0

When I was going through how electric fields are transmitted long distances through a wire, I read that there was accumulation of charges along the surface of the conductor to drive the fields to long distances.

Why do the charges accumulate on the surface of the wire although the field is parallel to that surface? Why can't it be just volume charge driving the field in the wire?

2 Answers2

1

Why will the charges accumulate on surface of the wire although the field is parallel to that surface? Why can't it be just volume charge driving the field in wire?

Regardless of the direction of the electric field with respect to the direction of the conductor, electrical charge will accumulate on the surfaces of the conductor if they have nowhere else to go. This is the case if a conductor is isolated in space. If the conductor is part of a circuit with a source of EMF it need not accumulate. Refer to the diagrams below.

The first diagram below shows a section of an isolated conductor that is not in an electric field (top diagram), and the same section of isolated conductor placed in an electric field perpendicular to the conductor. By convention the direction of the electric field is the direction of the force that a positive charge would experience if placed in the field. Note that electrons move to the left surface of the conductor, being attracted by the field, leaving the right surface positively charged, as the charge has nowhere to go. The electric field produced in the conductor due to the movement of charge is equal and opposite to the external applied electric field so that the net field inside the conductor is zero.

The bottom diagram shows a conductor connected to a battery to form a complete circuit.
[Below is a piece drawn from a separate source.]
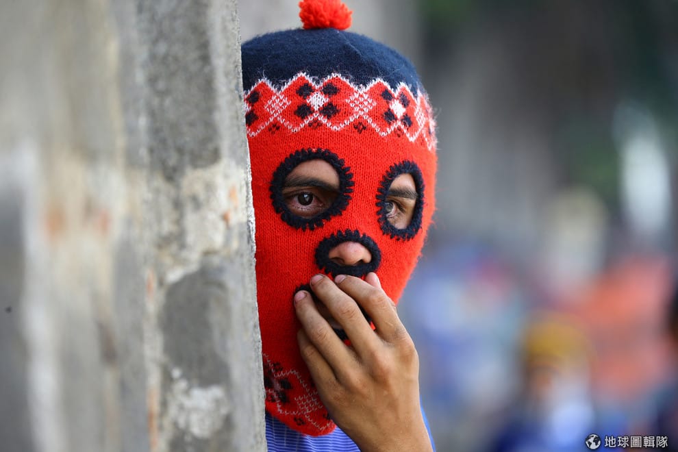 一名示威者在與鎮暴警察發生衝突後,探出頭來觀察現在的情勢。這些人上街是為了對總統奧蒂嘉(Daniel Ortega)所領導的政府表達不滿。

The battery produces an electric field inside and parallel to the conductor. Electrical charge is therefore free to move in the conductor from one battery terminal to the other, instead of accumulating. By convention, current is the flow of positive charge. So positive charge will flow from the positive terminal of the battery to the negative terminal. This is the same as electrons flowing from the negative terminal to the positive terminal. All conductors (except super conductors) have resistance, so the total drop in electrical potential of the charge as it moves through in the conductor due to its resistance equals the increase in potential provided by the battery.

Bottom line: The difference between the top diagram and bottom diagram is in the top diagram the electrical conductor is isolated in space and the charge has no where to go but accumulate to relieve the force due to the external field, whereas in the bottom diagram the conductor is not isolated in space but connected to a source of EMF that takes charge from one end of the conductor and moves the charge to the other end of the conductor.
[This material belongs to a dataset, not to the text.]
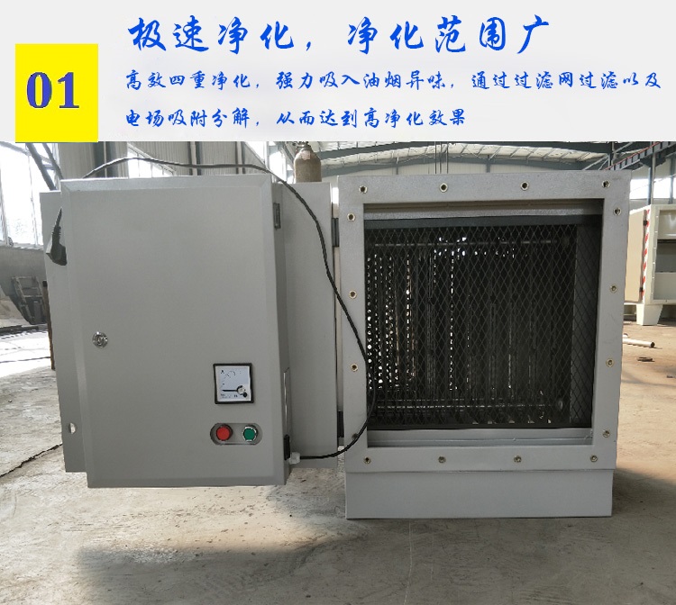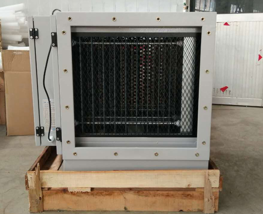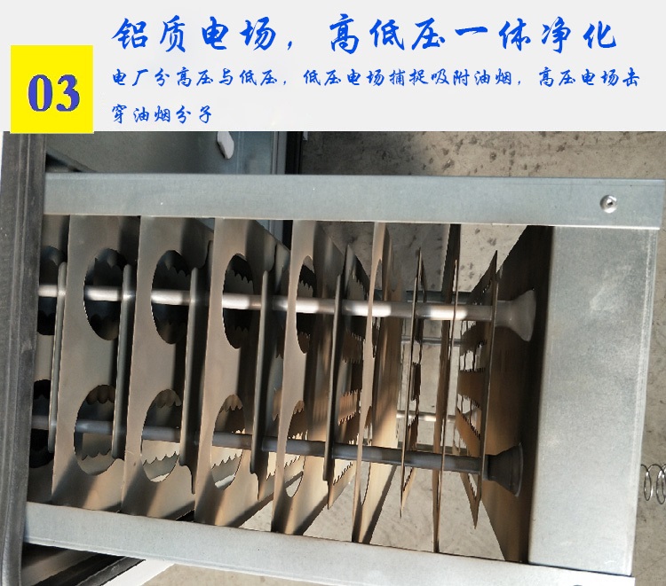 大顆粒油滴通過前擋板在自身重力作用下流入油槽排出。剩余的小粒徑污染物進入離子高壓靜電區,通過

Hope this helps. enter image description here

enter image description here

Bob D
  • 81,786
-1

In what context did you read this? But one explanation might be the following. As you have a steady flow of electrons, through a long wire there might be impurities at the surface of the conductor wire. As a result, electrons will be trapped at the impurities on the surface. Over time this might lead to an accumulation of electrons at the surface.

Why do these impurities have a higher probability to be occupied w.r.t. impurities in the bulk of the wire? Well because of the fact that the scattering of electrons with the impurities in the bulk will be much larger, you will have scattering in all three dimensions, whereas at the surface this is not the case. As a result, the electrons won't remain at the impurity in the bulk, in contrast to impurities at the surface.